The Three-Layer Strategy
Coinbase's approach wasn't just "swap models, save money." They built a sophisticated system:
- Smart Routing: An internal LLM gateway automatically routes simple tasks (code review, doc summarization, data cleaning) to GLM/Kimi, while complex multi-step agent tasks still hit frontier models.
- Aggressive Caching: They boosted cache hit rates from 5% to 60% by making all requests cache-aware — no more re-computing the same answers.
- Lean Contexts: Engineers start fresh sessions for new tasks, avoiding the trap of carrying 30K tokens of history just to ask a one-line question.
The philosophy is simple: default to cheap-and-capable, escalate to expensive only when needed.
The Models: What Makes GLM 5.2 and Kimi K2.7 Worth the Switch
GLM 5.2 (Zhipu AI) — released June 12, 2026 under the MIT license:
- 744B parameters, MoE architecture (only 40B active per token)

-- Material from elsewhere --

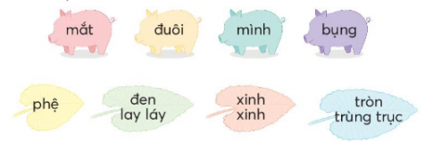 Chọn chiếc lá có từ ngữ chỉ đặc điểm phù hợp với từng bộ phận của con lợn đất.

- #1 open-weight model on Artificial Analysis rankings
- Beat GPT-5.5 on SWE-bench Pro (62.1 vs 58.6), nearly tied Opus 4.8 on FrontierSWE
- Pricing: $1.40/M input, $4.40/M output — roughly 6x cheaper than Opus 4.8 at $5/$25
Kimi K2.7 Code (Moonshot AI) — also released June 12:
- 128K native context window, built for long-document processing
- Used by Cursor (acquired by Elon Musk for $60B); their ARR doubled to $200M+ after switching
- Excels at code review, script generation, and smart contract validation
- Moonshot's valuation: soared from $4.3B to $20B in six months
Not Just Coinbase — A Tidal Shift
This isn't an isolated case. The trend is accelerating:
| Company | What They Did | Result |
|---|---|---|
| Cloudflare | Deployed Kimi K2.5 for internal security agents | 77% cost reduction, 7B tokens/day |
| Airbnb | Switched customer service from GPT to Qwen | Significant cost savings |
| Lindy | Migrated from Claude to DeepSeek V4 | AI costs were exceeding payroll |
| Snowflake | Testing GLM 5.2 as Claude alternative | "Comparable performance at a fraction of the price" |
On OpenRouter, Chinese models now account for 40%+ of all token traffic — up from less than 2% just a year ago. Qwen has surpassed Llama as the most downloaded open-weight model family on Hugging Face.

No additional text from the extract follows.